▶ **WHAT TO PRODUCE**:
Reproduce from the records below, with no pictures, exactly the lines between the one containing "关于蛋白质折叠最早的热力学研究可以追溯到1931年,中国科学家吴宪在《Chinese Journal of" and the one containing "Factors associated with", inclusive.

▶ **RECORDS PROVIDED**:

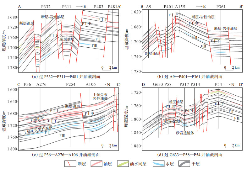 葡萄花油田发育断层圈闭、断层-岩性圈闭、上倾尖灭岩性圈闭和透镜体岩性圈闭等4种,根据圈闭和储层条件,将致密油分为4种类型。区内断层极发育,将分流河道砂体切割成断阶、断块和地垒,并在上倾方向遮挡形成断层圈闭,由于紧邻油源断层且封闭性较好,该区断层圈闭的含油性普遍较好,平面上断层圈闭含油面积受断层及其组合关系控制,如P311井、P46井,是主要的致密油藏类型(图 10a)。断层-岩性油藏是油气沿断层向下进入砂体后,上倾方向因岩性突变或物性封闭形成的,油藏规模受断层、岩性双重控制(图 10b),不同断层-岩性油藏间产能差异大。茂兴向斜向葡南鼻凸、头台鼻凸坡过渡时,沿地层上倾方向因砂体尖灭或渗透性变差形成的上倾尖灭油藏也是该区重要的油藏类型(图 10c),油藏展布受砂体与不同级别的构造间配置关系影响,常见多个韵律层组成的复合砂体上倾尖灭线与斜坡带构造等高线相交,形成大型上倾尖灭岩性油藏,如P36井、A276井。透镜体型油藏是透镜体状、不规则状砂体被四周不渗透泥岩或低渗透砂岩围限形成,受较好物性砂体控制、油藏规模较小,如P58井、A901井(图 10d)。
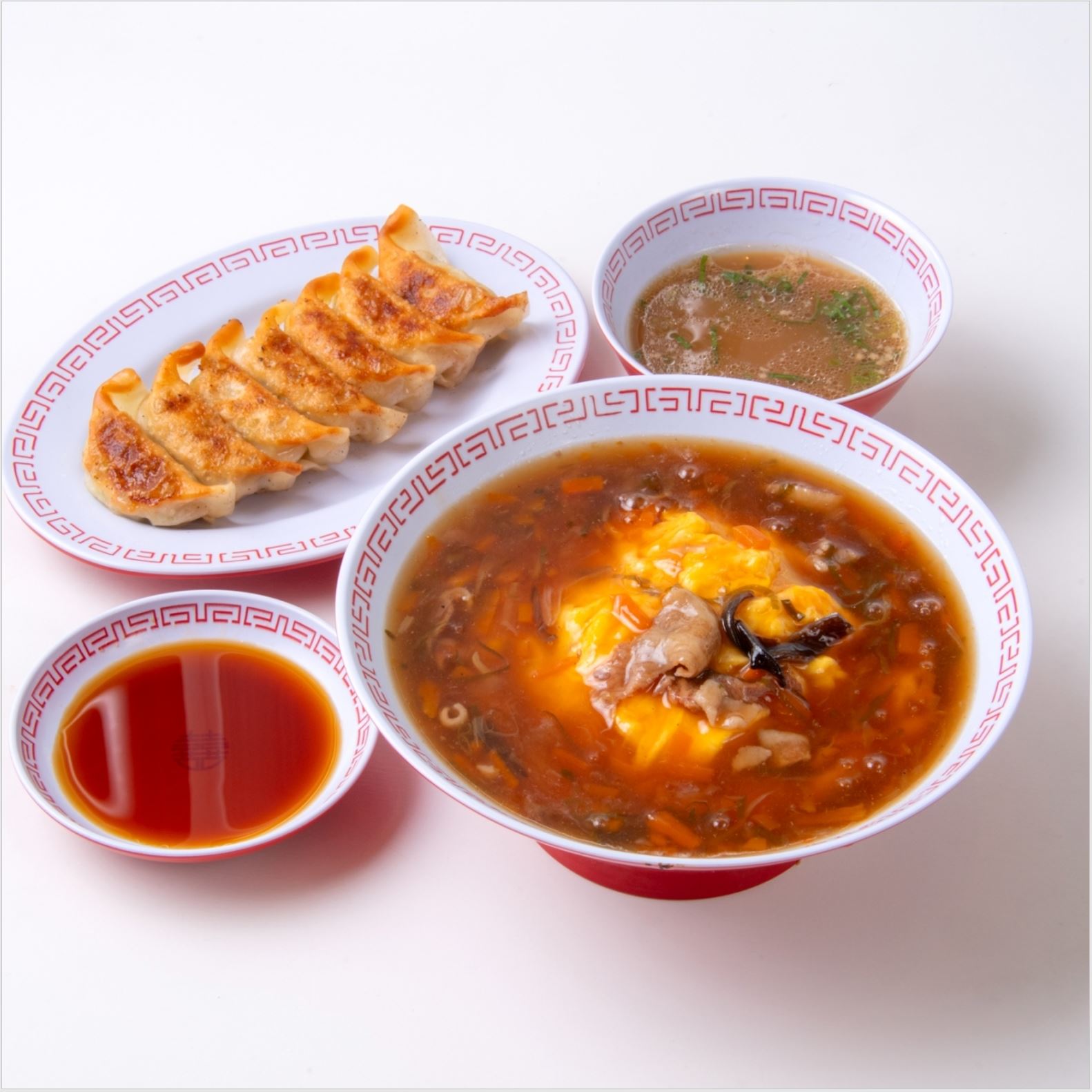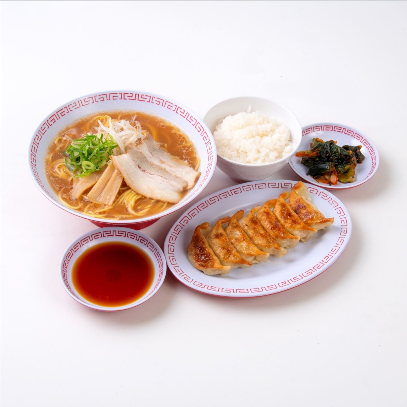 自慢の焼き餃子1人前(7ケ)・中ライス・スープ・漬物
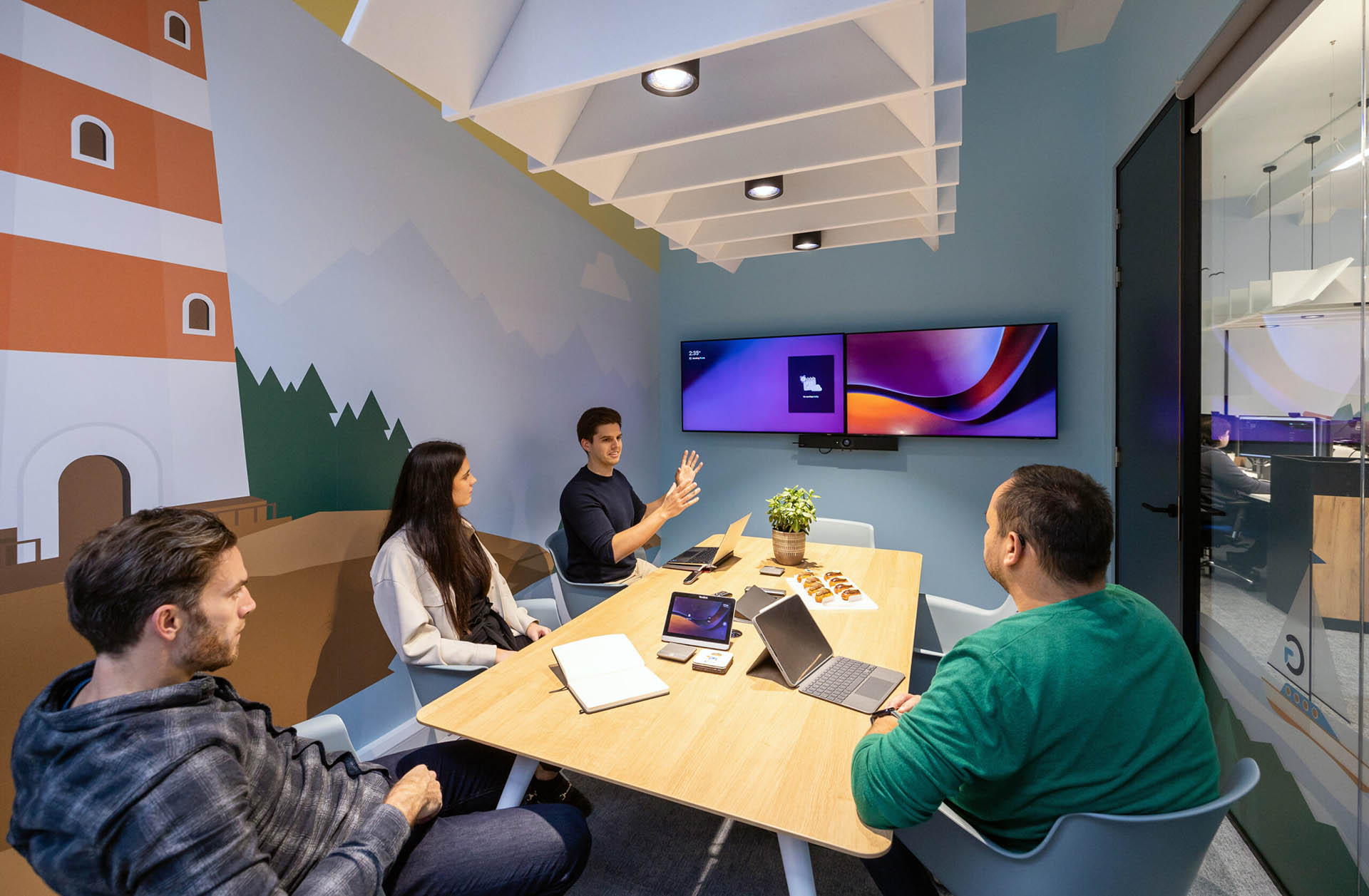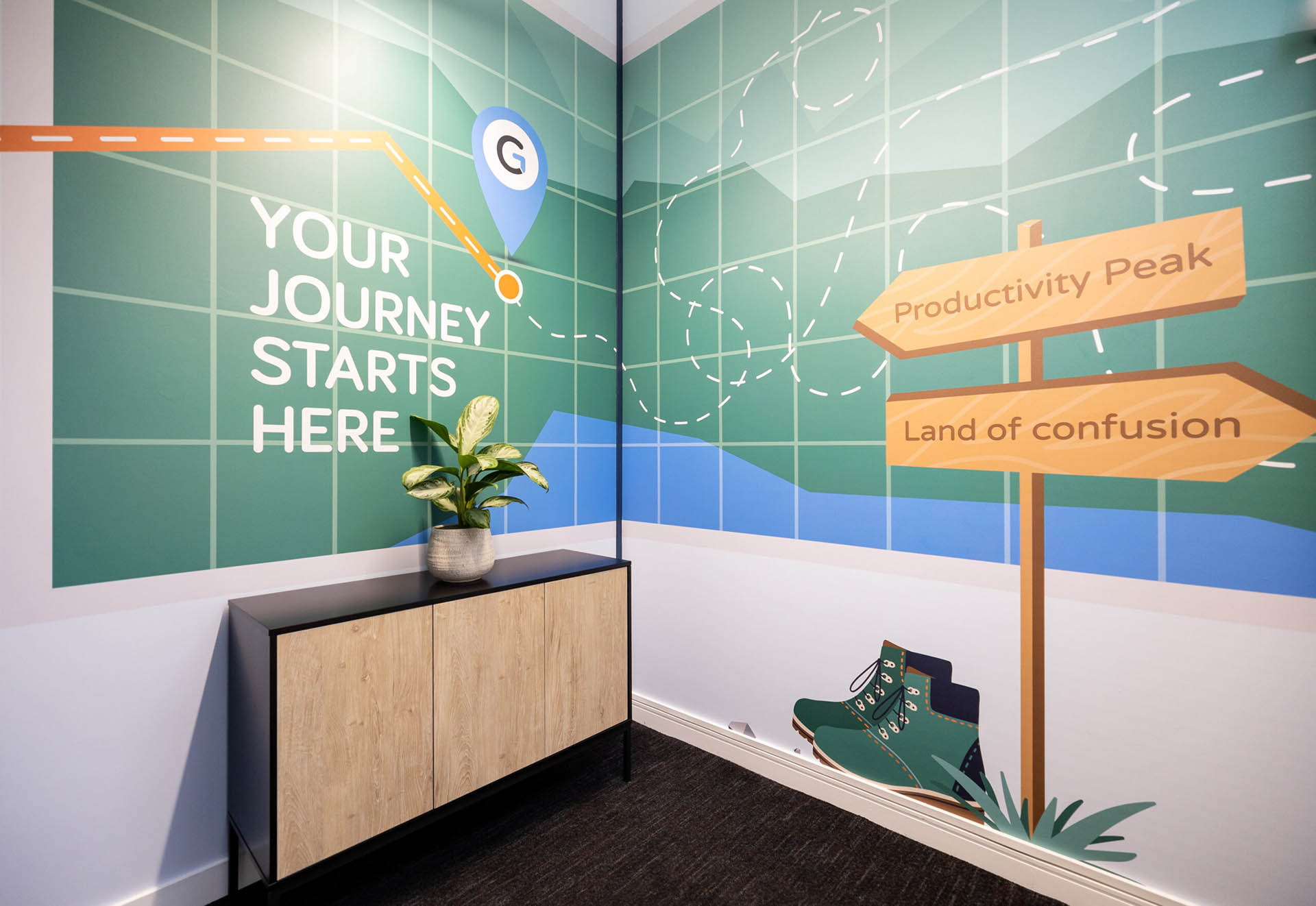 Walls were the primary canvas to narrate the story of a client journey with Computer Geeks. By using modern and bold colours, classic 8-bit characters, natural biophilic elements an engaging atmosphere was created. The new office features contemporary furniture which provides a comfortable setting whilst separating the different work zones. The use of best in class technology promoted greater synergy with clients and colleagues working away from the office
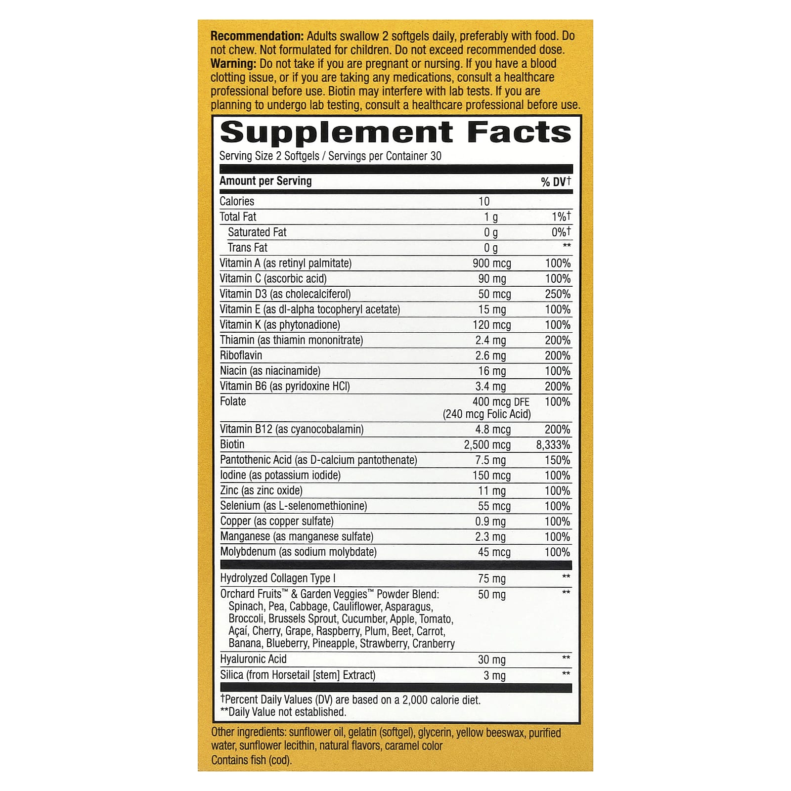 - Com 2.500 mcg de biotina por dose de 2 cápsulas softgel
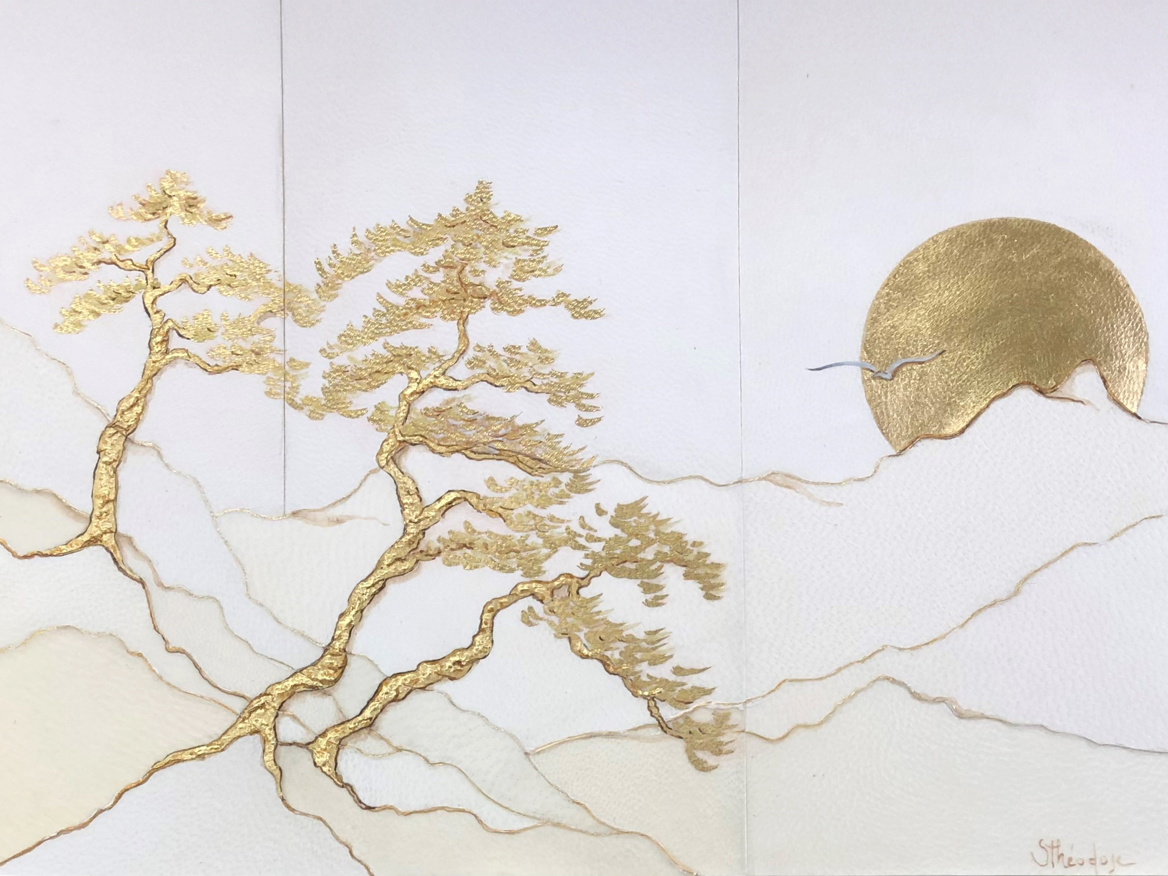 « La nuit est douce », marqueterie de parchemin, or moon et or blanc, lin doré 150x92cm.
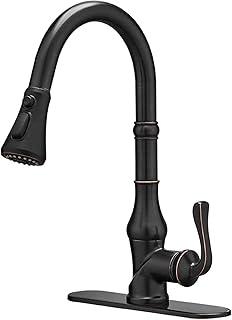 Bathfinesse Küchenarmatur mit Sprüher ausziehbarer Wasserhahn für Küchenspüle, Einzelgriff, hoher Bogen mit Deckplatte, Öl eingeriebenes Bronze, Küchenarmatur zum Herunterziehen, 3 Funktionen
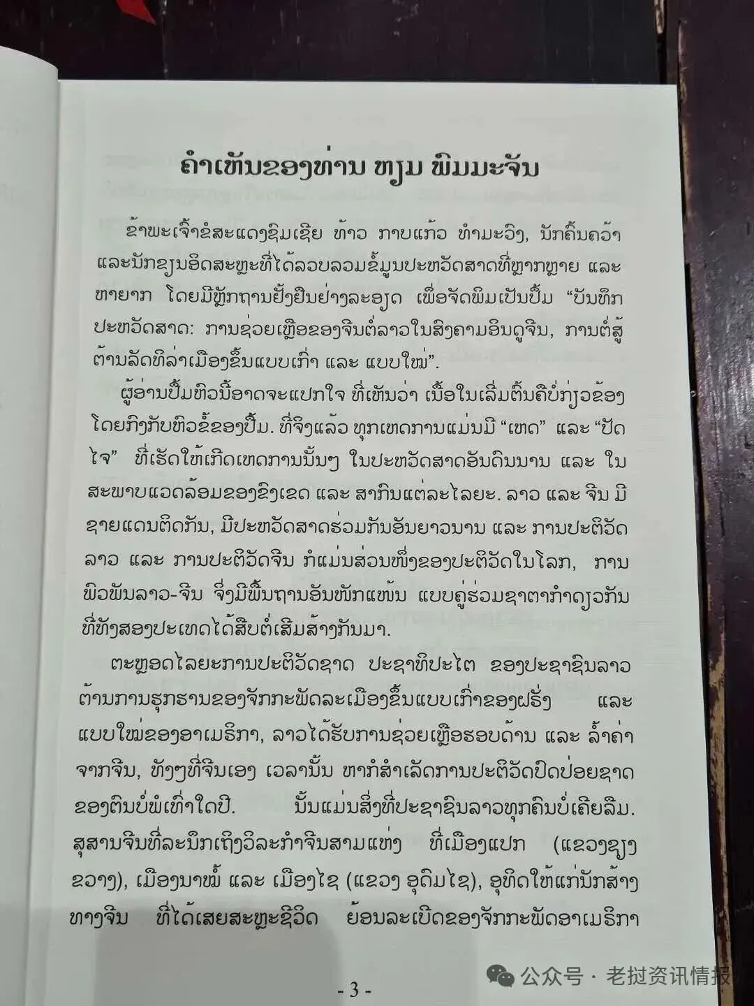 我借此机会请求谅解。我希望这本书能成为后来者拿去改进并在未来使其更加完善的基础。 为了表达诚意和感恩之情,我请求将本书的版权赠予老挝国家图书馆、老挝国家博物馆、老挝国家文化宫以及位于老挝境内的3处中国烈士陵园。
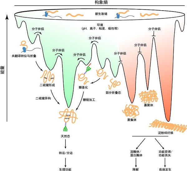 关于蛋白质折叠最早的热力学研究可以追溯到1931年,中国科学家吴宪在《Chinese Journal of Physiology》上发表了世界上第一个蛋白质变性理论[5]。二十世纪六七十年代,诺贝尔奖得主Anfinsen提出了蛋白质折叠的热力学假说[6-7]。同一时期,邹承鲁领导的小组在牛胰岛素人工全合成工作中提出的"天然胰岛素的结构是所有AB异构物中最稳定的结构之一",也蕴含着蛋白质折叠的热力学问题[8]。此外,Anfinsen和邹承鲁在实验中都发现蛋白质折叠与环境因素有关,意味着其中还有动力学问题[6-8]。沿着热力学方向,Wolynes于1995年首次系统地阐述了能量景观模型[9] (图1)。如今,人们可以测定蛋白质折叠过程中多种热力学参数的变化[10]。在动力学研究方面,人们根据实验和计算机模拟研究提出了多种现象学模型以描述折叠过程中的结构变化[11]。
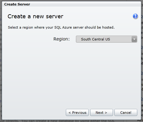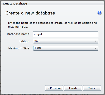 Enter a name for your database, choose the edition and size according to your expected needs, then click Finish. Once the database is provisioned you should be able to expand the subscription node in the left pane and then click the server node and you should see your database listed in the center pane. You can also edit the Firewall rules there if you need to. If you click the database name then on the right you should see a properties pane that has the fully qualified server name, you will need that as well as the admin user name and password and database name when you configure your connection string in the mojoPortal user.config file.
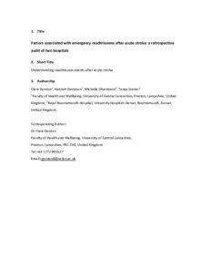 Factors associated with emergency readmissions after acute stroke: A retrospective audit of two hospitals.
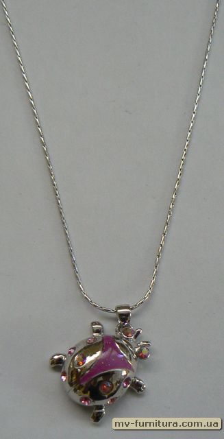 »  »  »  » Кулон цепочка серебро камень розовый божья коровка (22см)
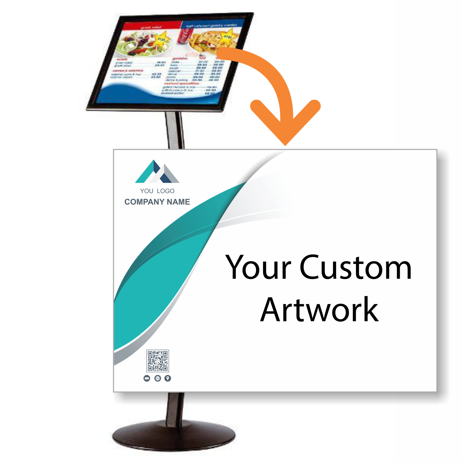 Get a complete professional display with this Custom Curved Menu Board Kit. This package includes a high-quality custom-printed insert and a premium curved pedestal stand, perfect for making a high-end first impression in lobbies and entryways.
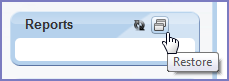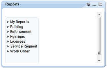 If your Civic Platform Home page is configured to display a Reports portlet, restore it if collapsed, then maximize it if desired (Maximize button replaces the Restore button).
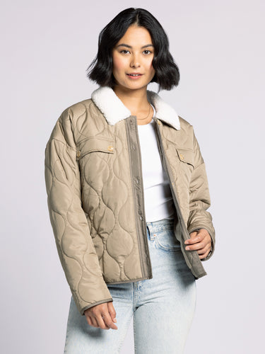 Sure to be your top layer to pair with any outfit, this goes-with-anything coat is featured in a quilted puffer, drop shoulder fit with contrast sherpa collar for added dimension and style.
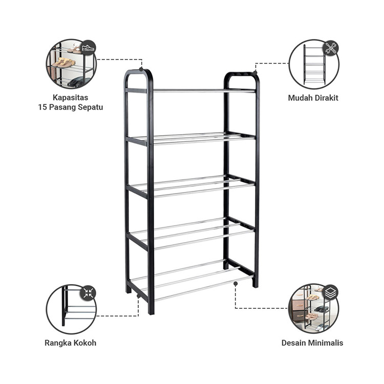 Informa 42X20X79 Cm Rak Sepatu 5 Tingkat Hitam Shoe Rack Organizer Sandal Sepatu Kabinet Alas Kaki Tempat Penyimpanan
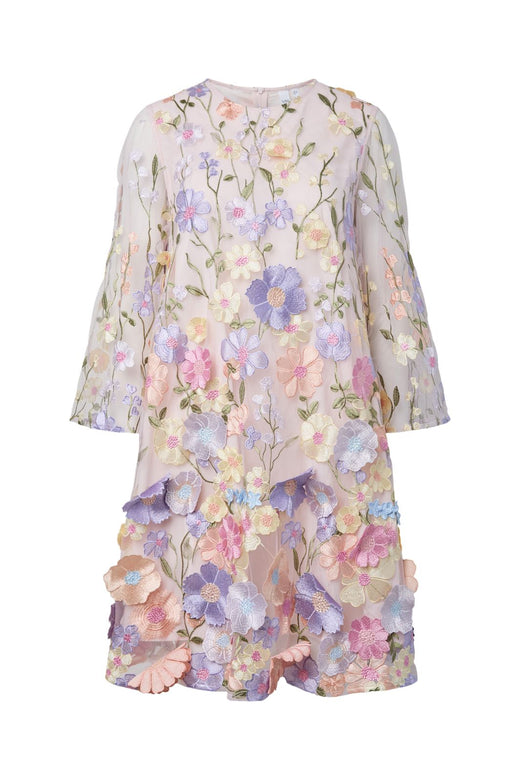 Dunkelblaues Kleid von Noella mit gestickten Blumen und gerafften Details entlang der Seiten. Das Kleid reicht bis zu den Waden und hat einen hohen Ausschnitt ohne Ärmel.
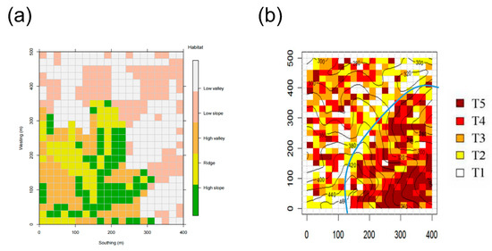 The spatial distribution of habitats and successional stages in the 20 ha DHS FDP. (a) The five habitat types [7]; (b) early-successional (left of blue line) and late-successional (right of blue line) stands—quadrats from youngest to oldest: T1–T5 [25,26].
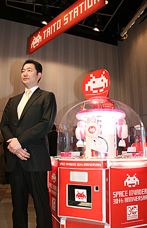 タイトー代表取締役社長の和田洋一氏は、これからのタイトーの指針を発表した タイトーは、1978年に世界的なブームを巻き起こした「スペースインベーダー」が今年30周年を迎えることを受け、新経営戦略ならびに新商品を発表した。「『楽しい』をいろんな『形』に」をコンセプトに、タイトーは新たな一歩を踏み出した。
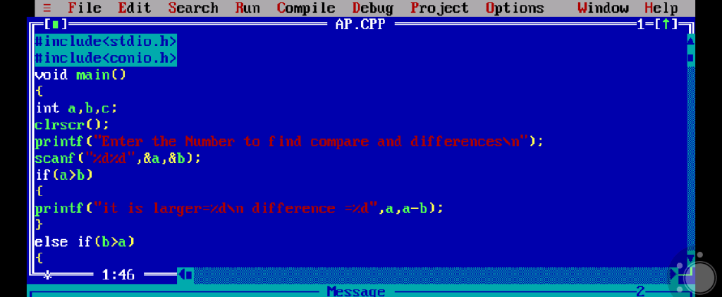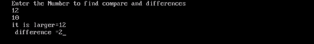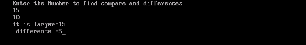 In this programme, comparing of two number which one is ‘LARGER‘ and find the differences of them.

▶ **SOLUTION FOR THIS EXERCISE**:
 关于蛋白质折叠最早的热力学研究可以追溯到1931年,中国科学家吴宪在《Chinese Journal of Physiology》上发表了世界上第一个蛋白质变性理论[5]。二十世纪六七十年代,诺贝尔奖得主Anfinsen提出了蛋白质折叠的热力学假说[6-7]。同一时期,邹承鲁领导的小组在牛胰岛素人工全合成工作中提出的"天然胰岛素的结构是所有AB异构物中最稳定的结构之一",也蕴含着蛋白质折叠的热力学问题[8]。此外,Anfinsen和邹承鲁在实验中都发现蛋白质折叠与环境因素有关,意味着其中还有动力学问题[6-8]。沿着热力学方向,Wolynes于1995年首次系统地阐述了能量景观模型[9] (图1)。如今,人们可以测定蛋白质折叠过程中多种热力学参数的变化[10]。在动力学研究方面,人们根据实验和计算机模拟研究提出了多种现象学模型以描述折叠过程中的结构变化[11]。
 Enter a name for your database, choose the edition and size according to your expected needs, then click Finish. Once the database is provisioned you should be able to expand the subscription node in the left pane and then click the server node and you should see your database listed in the center pane. You can also edit the Firewall rules there if you need to. If you click the database name then on the right you should see a properties pane that has the fully qualified server name, you will need that as well as the admin user name and password and database name when you configure your connection string in the mojoPortal user.config file.
 Factors associated with emergency readmissions after acute stroke: A retrospective audit of two hospitals.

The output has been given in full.